» **PROVIDED DATA**

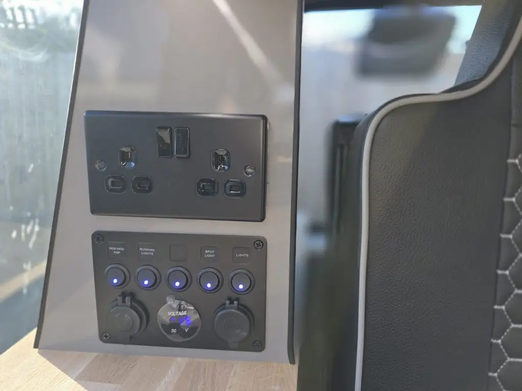 The electrical system includes a leisure battery, split charger, multiple USB ports, 12-volt lighting throughout and a full 240v hook-up with twin 240v sockets. Everything is set up for real-world use, so you can camp for long stretches without worrying about power.
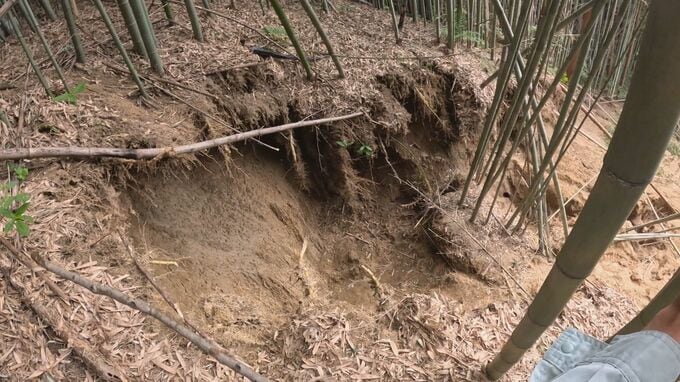 「これがまさに(土砂崩れの)一番上。大雨が降ると、ここの中に水が染み込んで全体的に湿っていく。水が流れやすい所があると、そこに(水が)集中するので、ある時ずるっと滑る」
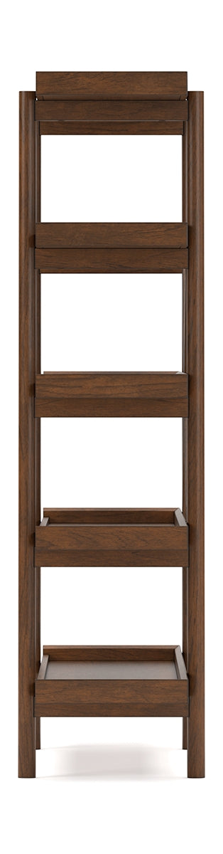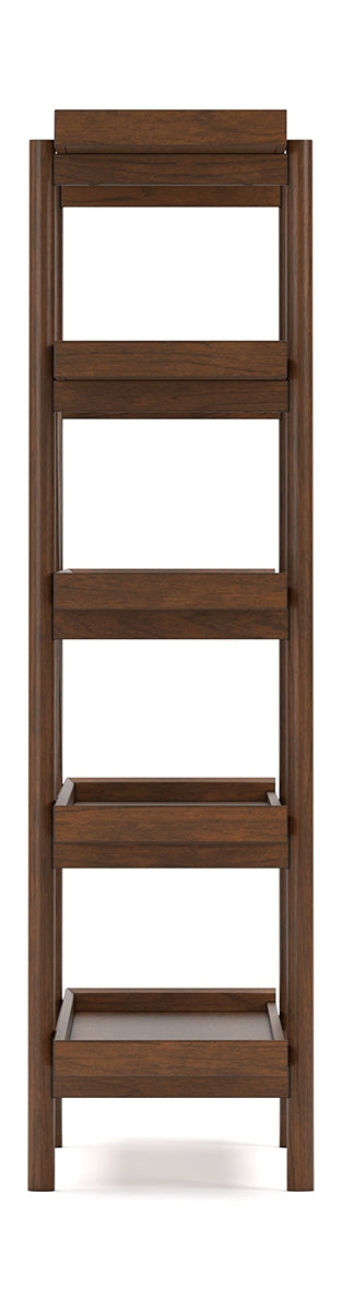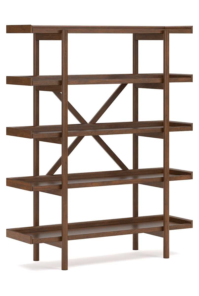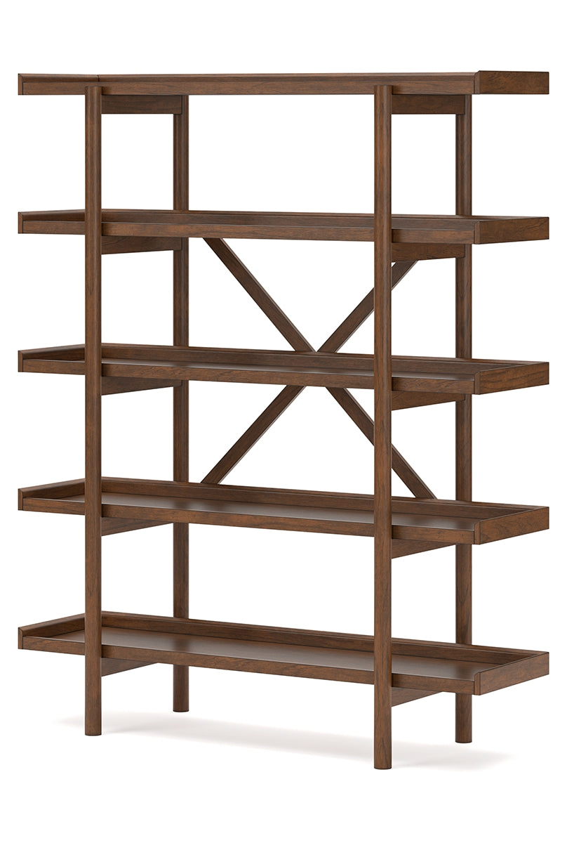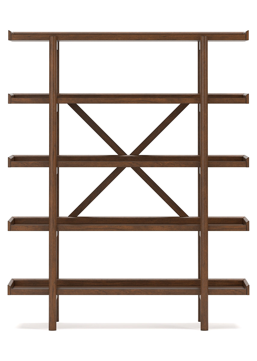 A refreshed take on retro aesthetics. This bookcase adds an air of playful simplicity to your home, capturing the architectural language of mid-century stylings. Subtle in design, it invites the eye with a sleek, open frame. A casual, yet timeless, finish and five gallery shelves stack up for great form and function. | Product Features
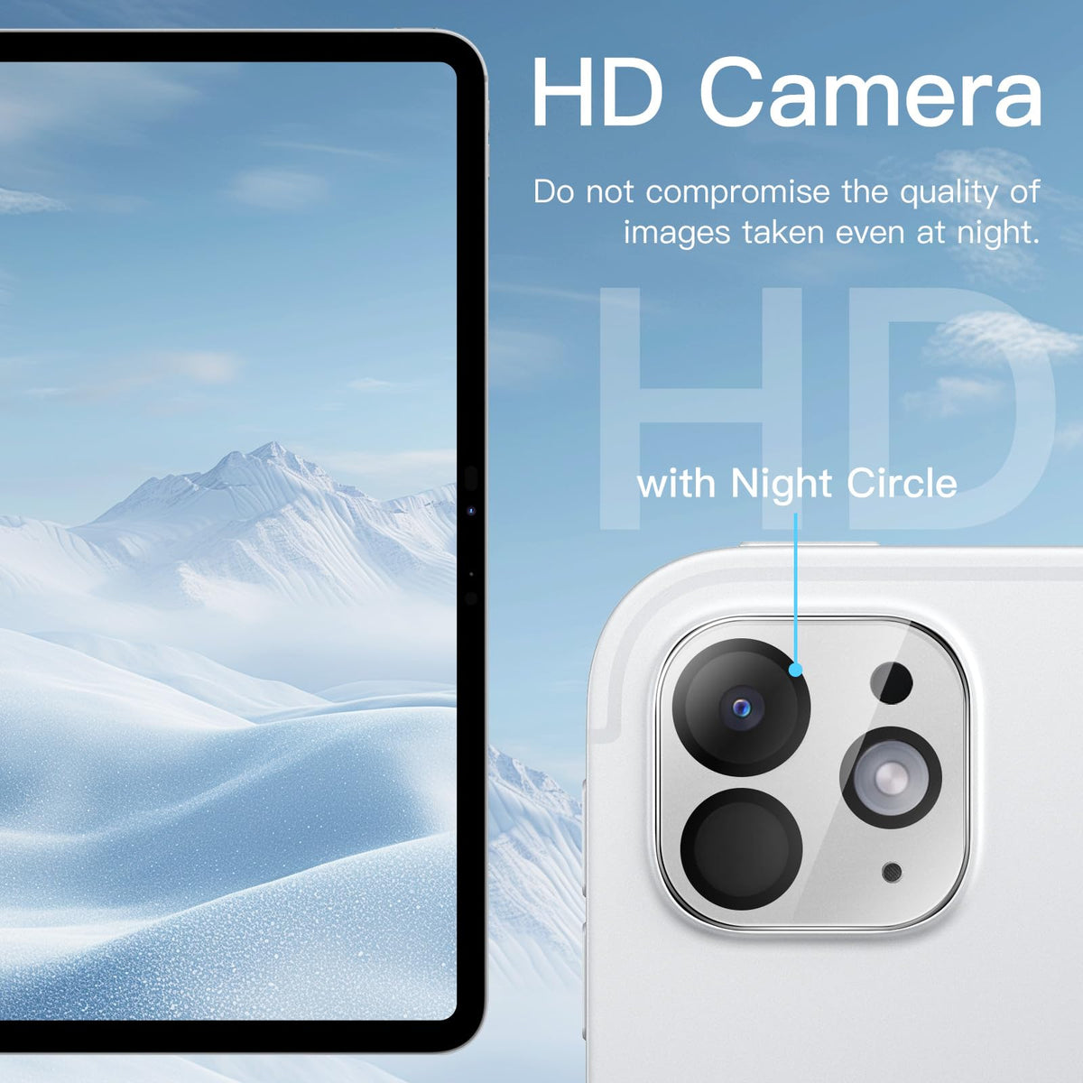 [Compatibility] Specially For Ipad Pro 11-Inch M4 (2024) And Ipad Pro 13-Inch M4 (2024). Do Not Fit Any Other Models. Product Contains 3 Packs Camera Lens Protectors | [Scratch-Resistant] Built With 9H Hardness Tempered Glass. Fully Cover The Camera Lens And Offer Comprehensive Protection Against Scratches And Abrasions | [Hd Clarity] 99.9% Light Transmittance Preserves The Original Resolutions Of Pictures And Videos. Provide An Ultra-Clear Viewing Experience | [Night Shooting Function] Built-In Black Circles Of The Camera Lens Protector Do Not Affect The Normal Use Of Flash Function. Enjoy Your Photography Time At Night Or In The Low Light Condition | [Easy To Install] Precise Cutouts According To The Camera Lens. Easy To Align To Lens Hole And Install Quickly. Strong Adsorption And Non-Shedding
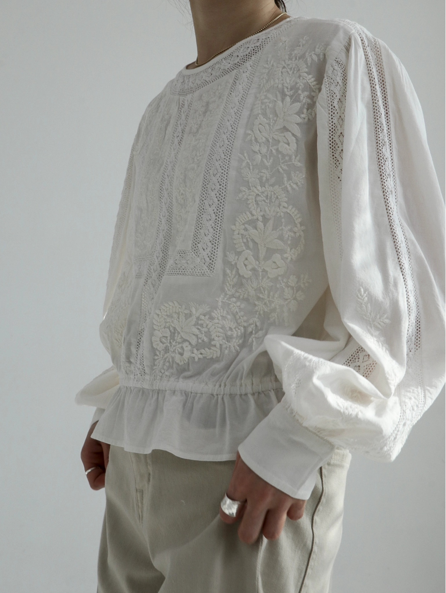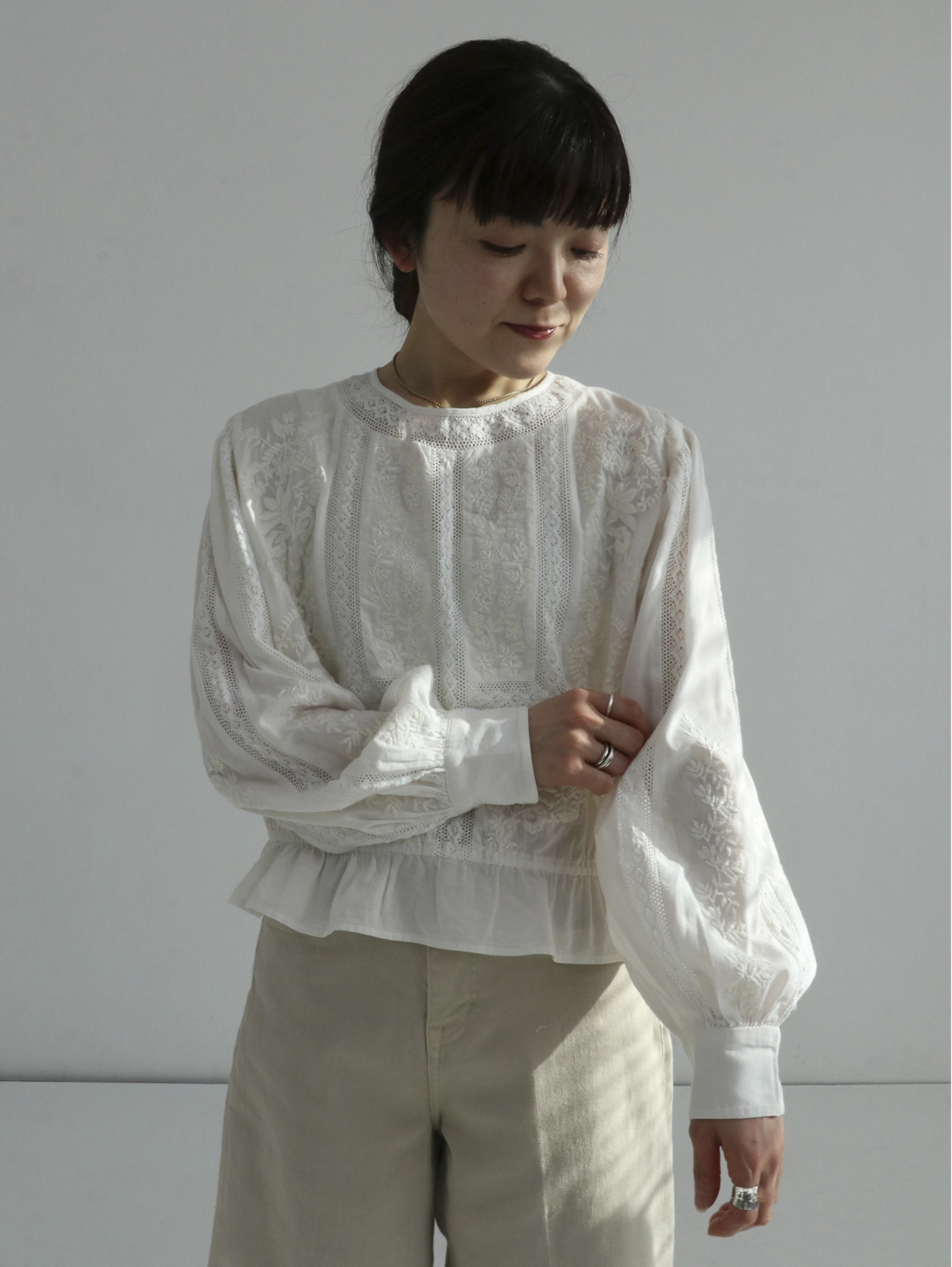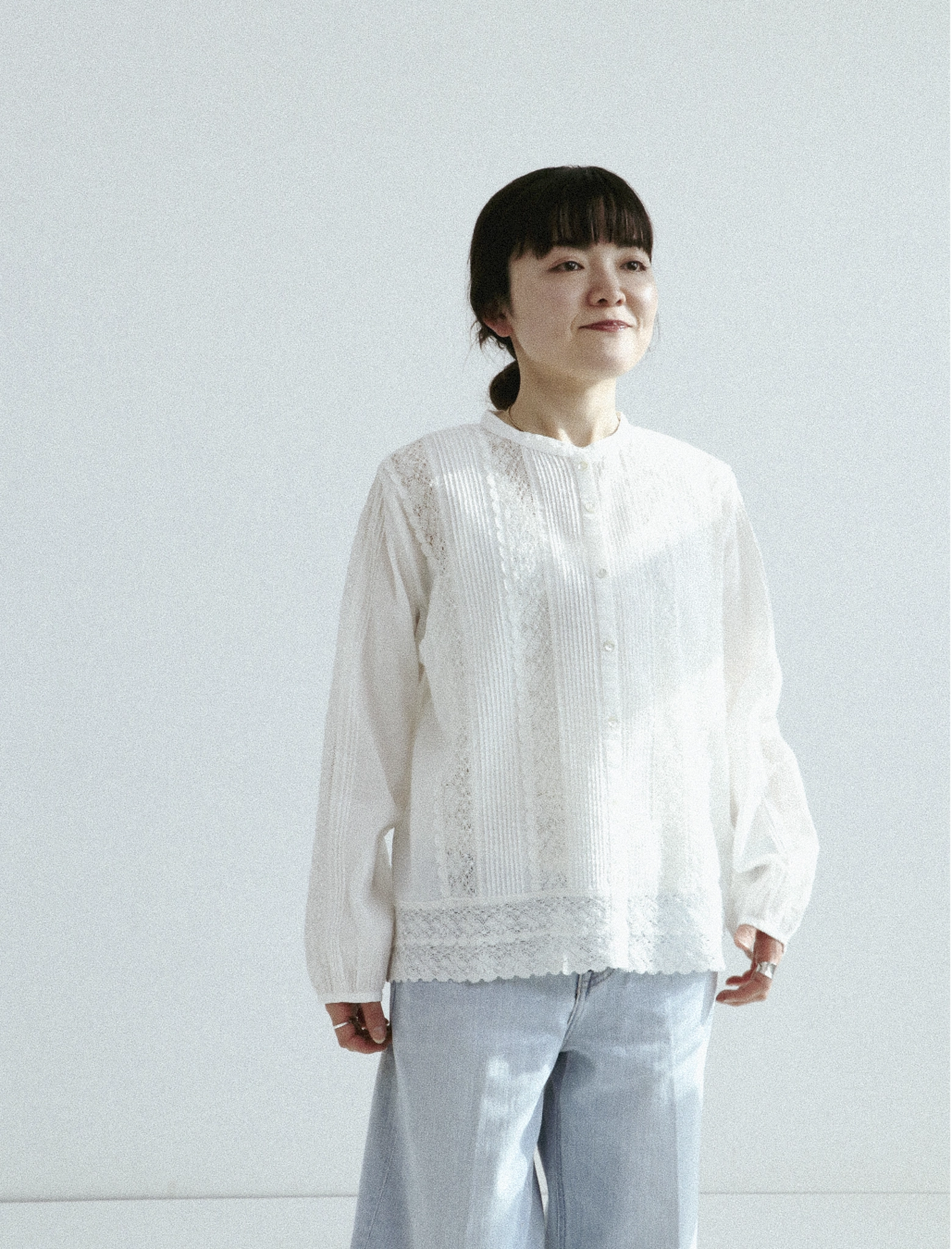 レースが特徴のブランド。 ナチュラルで優しい素材感に、 繊細で上品なディテールをプラスした大人の女性のための一着。

» **WHAT YOU HAVE TO DO**
Return the listing above in full and unaltered. Keep the pictures out.

» **TASK SOLUTION**
 The electrical system includes a leisure battery, split charger, multiple USB ports, 12-volt lighting throughout and a full 240v hook-up with twin 240v sockets. Everything is set up for real-world use, so you can camp for long stretches without worrying about power.
 「これがまさに(土砂崩れの)一番上。大雨が降ると、ここの中に水が染み込んで全体的に湿っていく。水が流れやすい所があると、そこに(水が)集中するので、ある時ずるっと滑る」
 A refreshed take on retro aesthetics. This bookcase adds an air of playful simplicity to your home, capturing the architectural language of mid-century stylings. Subtle in design, it invites the eye with a sleek, open frame. A casual, yet timeless, finish and five gallery shelves stack up for great form and function. | Product Features
 [Compatibility] Specially For Ipad Pro 11-Inch M4 (2024) And Ipad Pro 13-Inch M4 (2024). Do Not Fit Any Other Models. Product Contains 3 Packs Camera Lens Protectors | [Scratch-Resistant] Built With 9H Hardness Tempered Glass. Fully Cover The Camera Lens And Offer Comprehensive Protection Against Scratches And Abrasions | [Hd Clarity] 99.9% Light Transmittance Preserves The Original Resolutions Of Pictures And Videos. Provide An Ultra-Clear Viewing Experience | [Night Shooting Function] Built-In Black Circles Of The Camera Lens Protector Do Not Affect The Normal Use Of Flash Function. Enjoy Your Photography Time At Night Or In The Low Light Condition | [Easy To Install] Precise Cutouts According To The Camera Lens. Easy To Align To Lens Hole And Install Quickly. Strong Adsorption And Non-Shedding
 レースが特徴のブランド。 ナチュラルで優しい素材感に、 繊細で上品なディテールをプラスした大人の女性のための一着。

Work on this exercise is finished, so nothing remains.